Study shows how unchanged boots disrupt biosecurity
Poultry farmers looking for ways to reduce the spread of viruses and bacteria in their facilities need look no further than the boots on their feet, according to a University of Guelph/University of Montreal study presented at the 2018 Western Poultry Health Disease Conference.1
Using real pathogens applied to both boots and floors, the researchers in this study measured contamination levels where employees changed their boots on a Quebec poultry farm. The pathogens applied were a generic E. coli ampicillin-resistant strain and a T4 bacteriophage that provided a surrogate for viruses. The researchers also assessed contamination based on the number of steps employees took into dirty and clean areas.
Overall, the two most common biosecurity breaches found were putting boots on in either clean or dirty areas instead of in hygienic changing areas located between dirty and clean areas, and not changing boots at all — which caused more pathogenic contamination than changing them in the wrong areas.

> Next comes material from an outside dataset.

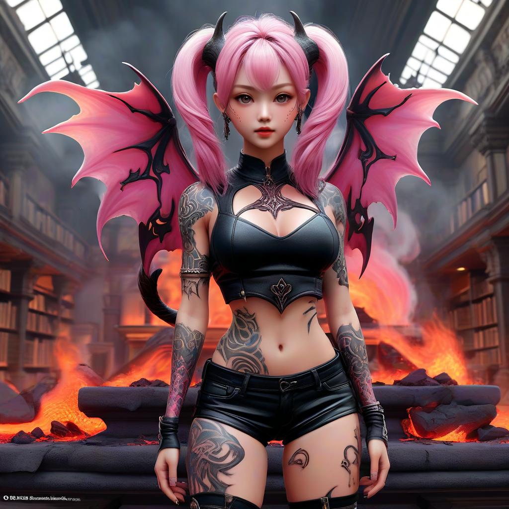 ((best quality)), ((highly detailed)), masterpiece, detailed face, beautiful face, (detailed eyes, deep eyes), (1girl), full body, (imp, small breasts, petite), (mature), (colored skin), ((Orchid pink colored skin:1.44)), medium hair, black hair, streaked hair, (small horns), (leather crop-top, leather short shorts), (small demon wings), symmetrical wings, ((black eyes)), solid eyes, (glowing eyes), colored sclerae, wide hips, demon tail, intricate (tattoos:1.33), (glowing tattoos), rune tattoos, arm_tattoo:1.3, womb_tattoo:1.3, savage grin, monster girl, outside, ((hellscape, fire and lava in the background, active volcano, smoke, ruined buildings)), (indoors, in a library, librarian, book shelves, open book), mcnsfw

If boots aren’t changed, the first step into either a clean or a dirty area is always the worst for causing pathogenic contamination, and contamination levels do not significantly diminish with subsequent steps, the researchers found. Even after 10 steps, according to the study, “the underside of the boot is still heavily contaminated.”
1 Huard G, et al. Assessment and mitigations of contamination risks: Critical knowledge to reduce diseases and increase biosecurity compliance. Proceedings of 67th Western Disease Conference. 2018 April:110-116.